Research output: Contribution to journalArticlepeer-review

Abstract

The biological fate of a chelated vanadium source is investigated by in vivo spectroscopic methods to elucidate the chemical form in which the metal ion is accumulated. A pulsed electron paramagnetic resonance study of vanadyl ions in kidney tissue, taken from rats previously treated with bis(ethylmaltolato) oxovanadium(IV) (BEOV) in drinking water, is presented.
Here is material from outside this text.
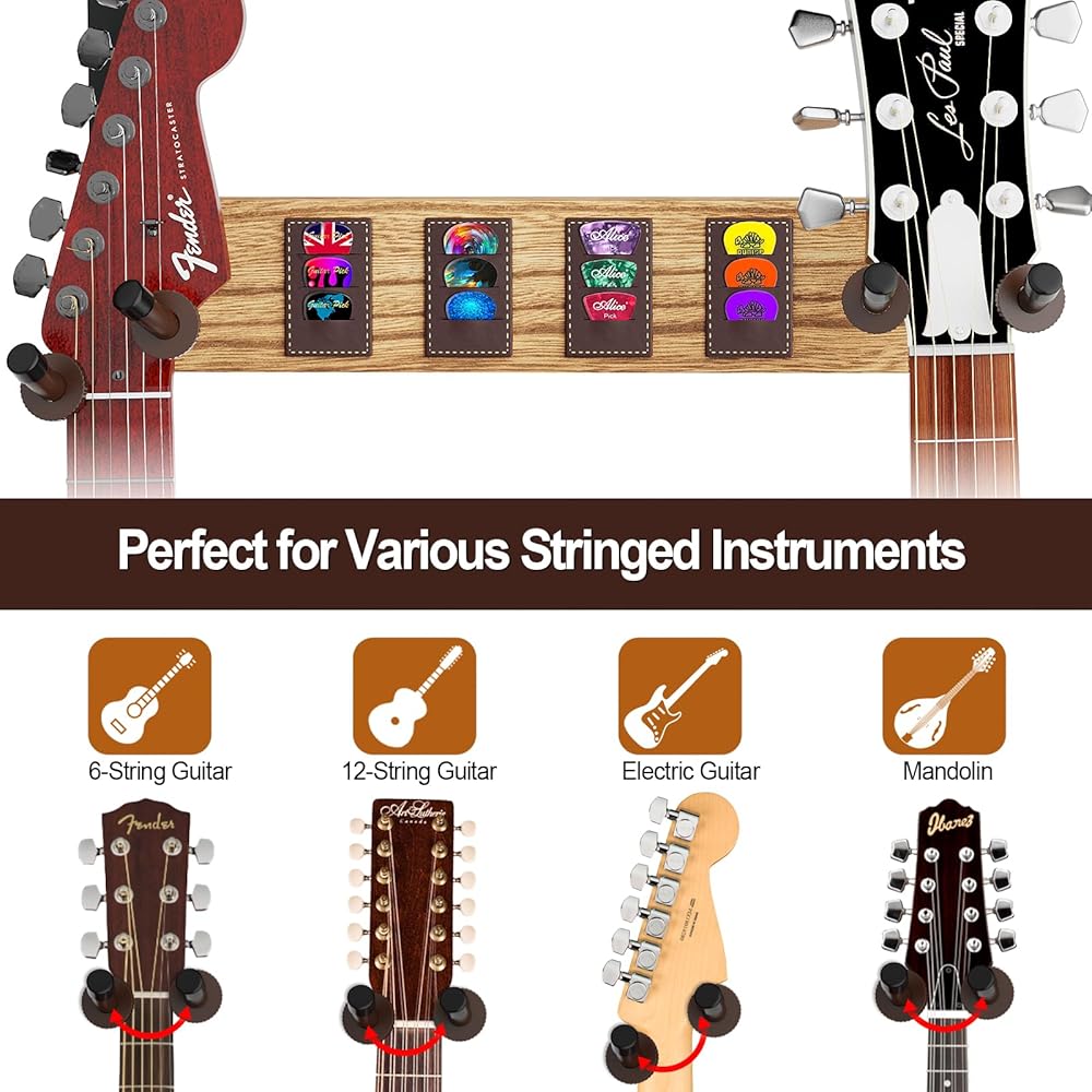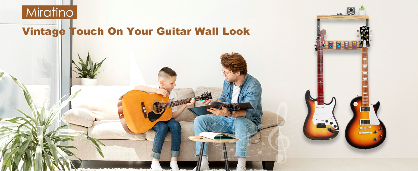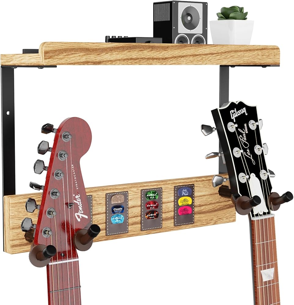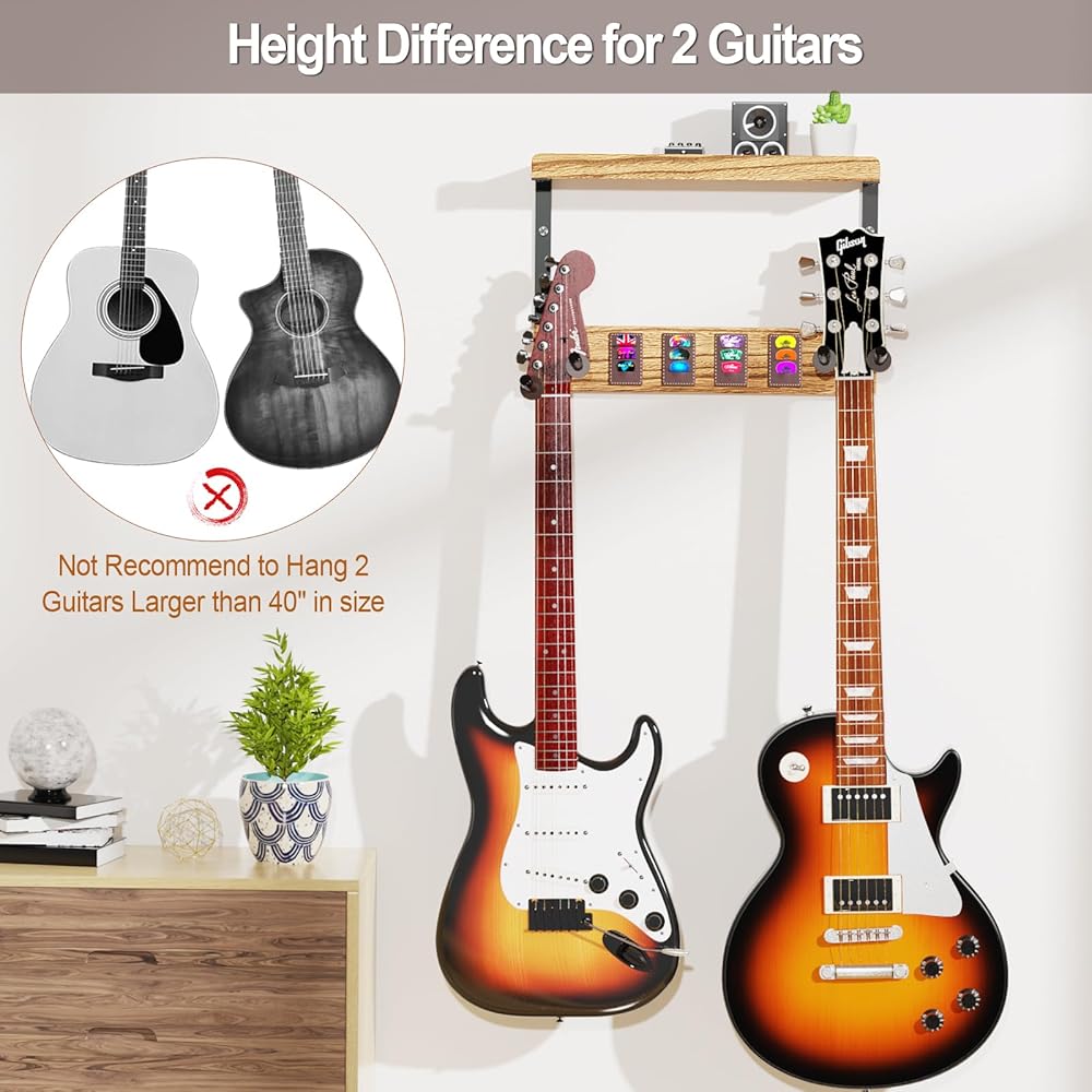 🎸 رف حامل جيتار خشبي ذو سعة كبيرة: حامل الحائط على الجيتار مع رف تخزين خشبي ذو سعة كبيرة يحمل العديد من ملحقات الجيتار مثل الأشرطة وأغطية الأوتار والموالفات للحفاظ على كل شيء منظمًا وفي متناول اليد.
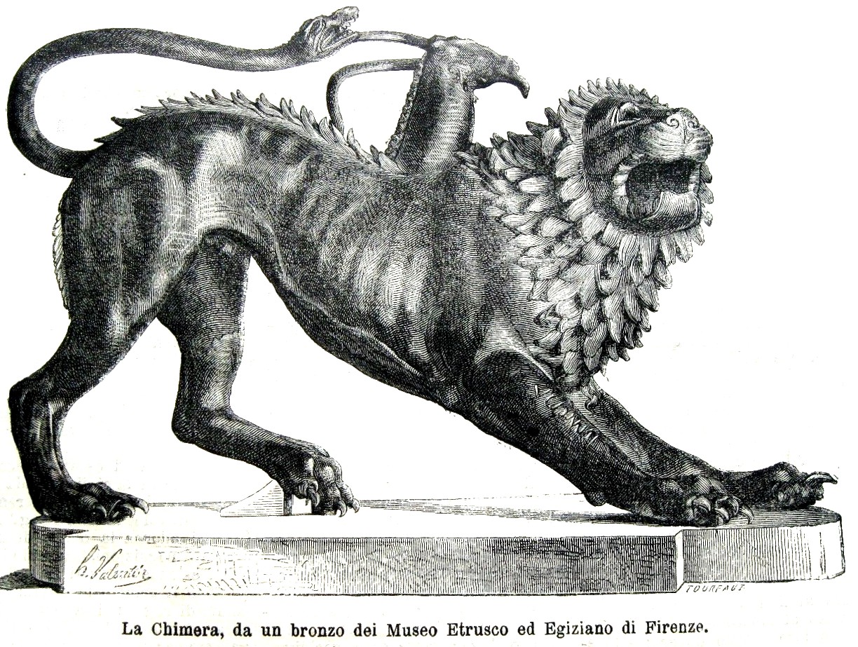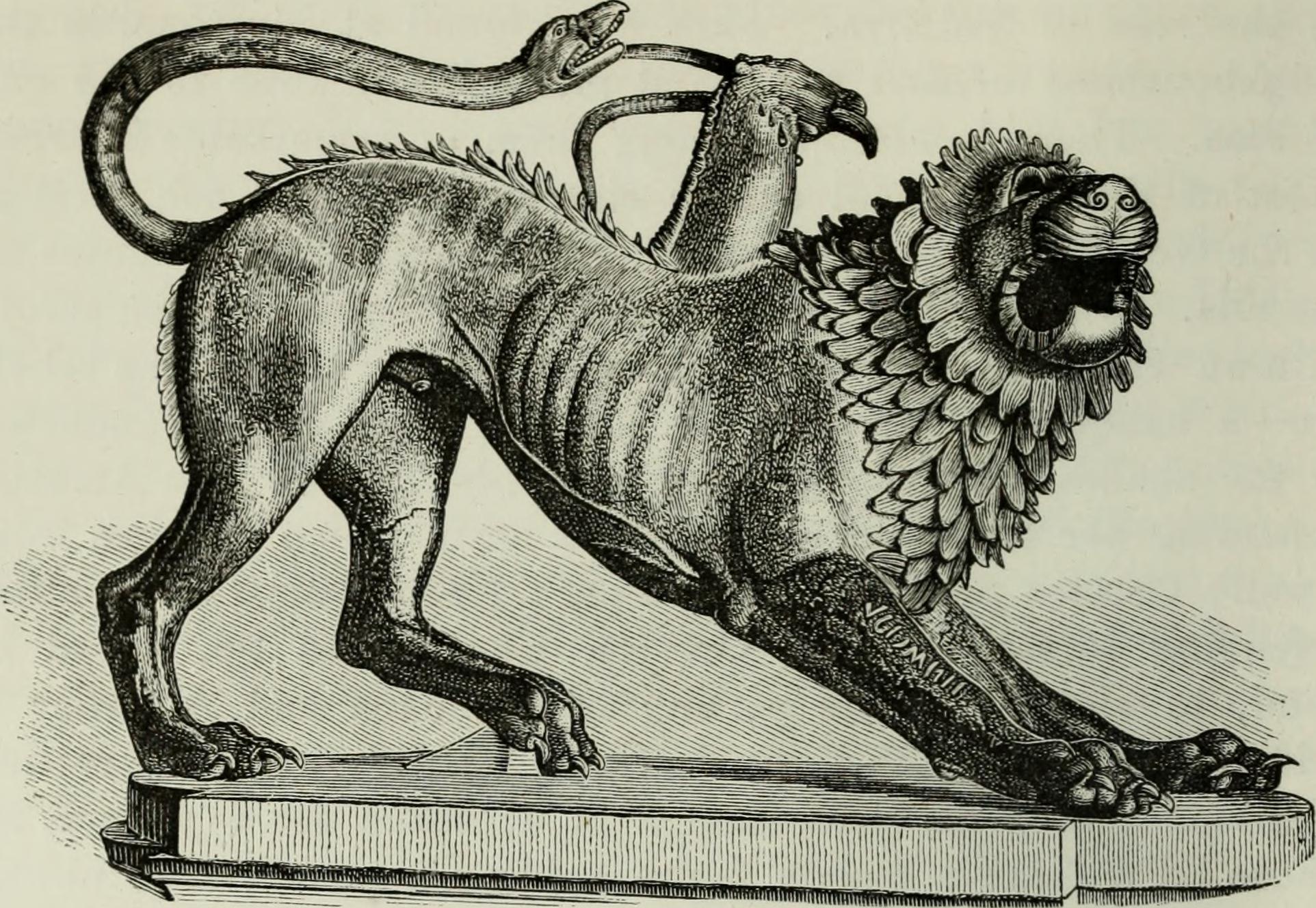 I thought nothing more of that strange-looking leonine statue for a long time, some years in fact, until one day I was idly flicking through a Larousse-published encyclopaedia of art that I'd lately purchased, and there, to my great surprise, was a photograph of a statue that looked exactly like the odd, spiky-maned lion that I'd seen during that long-gone Sunday afternoon visit to Stratford – except that it wasn't a lion after all. Instead, it was a chimaera (=chimera), and no ordinary chimaera either, always assuming of course that any chimaera can ever be considered ordinary. But what exactly IS a chimaera?

A combined approach using stimulated echo (3-pulse) electron spin echo envelope modulation (ESEEM) and the two dimensional 4-pulse hyperfine sublevel correlation (HYSCORE) spectroscopies has shown that at least some of the VO2+ ions are involved in the coordination with nitrogen-containing ligands. From the experimental spectra, a 14N hyperfine coupling constant of 4.9 MHz and a quadrupole coupling constant of 0.6 ± 0.04 MHz were determined, consistent with amine coordination of the vanadyl ions. Study of VO-histidine model complexes allowed for a determination of the percentage of nitrogen-coordinated VO2+ ions in the tissue sample that is found nitrogen-coordinated. By taking into account the bidentate nature of histidine coordination to VO2+ Ions, a more accurate determination of this value is reported. The biological fate of chelated versus free (i.e. salts) vanadyl ion sources has been deduced by comparison to earlier reports. In contrast to its superior pharmacological efficacy over VOSO4, BEOV shares a remarkably similar biological fate after uptake into kidney tissue.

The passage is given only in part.